All participants discussed their values as guideline developers at length, both within the context of potential use of automation and independent from it. Emphasis on the Compatibility theme was consistently far stronger than any of the other four themes in the deductive framework being applied in this analysis. Some examples of values were a “rigorous” approach to evaluation of evidence and careful construction of questions. Relating to automation more specifically, participants highlighted a need for human and organizational involvement.
“how you synthesize it, how you pull it together is kind of key” Participant 3
“I think it would be a shame if humans weren’t involved in [synthesis].” Participant 9
Two sub-themes were identified within the Compatibility theme which further detailed participants’ desire to match new practices with the values which underpin current practices: ability to double check, and transparency as accountability.
Ability to double check
Most participants indicated the importance of the ability to double check the output of automation with human researcher input. These discussions often cited the rationale that current practices usually involve a human double checking the work of another human and posited that newer workflows should therefore maintain this pattern.
Some, but not all, participants indicated that reproducibility was the underlying reason for the double-checking status quo. It is possible that views of participants would be different should rigorous research alter overall perceptions of the reproducibility of automated screening and extraction; this is further discussed as a contextual factor in subsequent sections.

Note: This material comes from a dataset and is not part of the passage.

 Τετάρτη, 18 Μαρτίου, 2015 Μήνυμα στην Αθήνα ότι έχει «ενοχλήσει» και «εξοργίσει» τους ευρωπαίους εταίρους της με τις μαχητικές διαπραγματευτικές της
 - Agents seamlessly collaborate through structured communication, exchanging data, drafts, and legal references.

“I can see it could be done. But surely it would need to be checked by someone anyway. Because even if it’s done by a human with vast experience, it’s always important to have a second person to check it.” Participant 5
“At the minute the standard is for two operators. So you’d want it to have been checked by a second method, if not person. So that would be my only thing – reproducibility.” Participant 7
Transparency as accountability
Several participants wanted to ensure that any automation methods used in synthesizing evidence were freely accessible and transparent to examination. Many emphasized that they are accountable to stakeholders who need to be sure they have not missed any information, and therefore require the ability to freely examine methods used, including any automation.

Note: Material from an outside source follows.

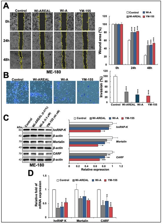 Effect of a low dose of Wi-AREAL on cell migration and invasion characteristics. ME-180 cells treated with Wi-AREAL showed a decrease in cell migration (A) and invasion (B) comparable to that in cells treated with either Wi-A or YM-155. Quantitation from three independent experiments is shown on the right (mean ± SD, n = 3), *** p < 0.001 (Student’s t-test). The treated cells showed decreased hnRNP-K, mortalin, CARF proteins (C), and mRNA (D) (mean ± SD, n = 3), * p < 0.05, ** p < 0.01, *** p < 0.001 (Student’s t-test).

Trustworthiness of evidence in general is integral to the professional culture of guideline development and was emphasized by the participants. Trustworthiness and methods to verify it therefore extend to new tools that use automation, in the view of participants, in the form of transparency and validation.
“A group of experts can apply judgement to that body of evidence, and needs to know they can trust the evidence that you’d found.” Participant 12
“The key part of working with a face to face committee ... Is you have they have to have total confidence in what the technical team has done” Participant 16
When discussing Relative Advantage, participants focused on the freeing up of human resources, and to a lesser extent on time and cost saving. When prompted to discuss ML directly (in contrast to general views of evidence synthesis and guideline development approaches), participants tended to more frequently discuss ideas relating to the Relative Advantage of automation. Participants were interested in freeing time and money, but contingent upon the automation perfectly matching perceived human quality.
Freeing up human resources
The primary advantage specified in discussion with participants was the potential to free up human resources for rededication to additional tasks within the health evidence ecosystem.
“In research time is always limited and you know there’s never enough grant money to help employ staff … by having a machine do it, it would be cost-effective, and spare the researchers’ time to do other research-related tasks.” Participant 17
Time and cost saving
Some participants also identified that automation might potentially save time and/or save money. Strikingly, no participants indicated an openness to any trade-off between accuracy and time.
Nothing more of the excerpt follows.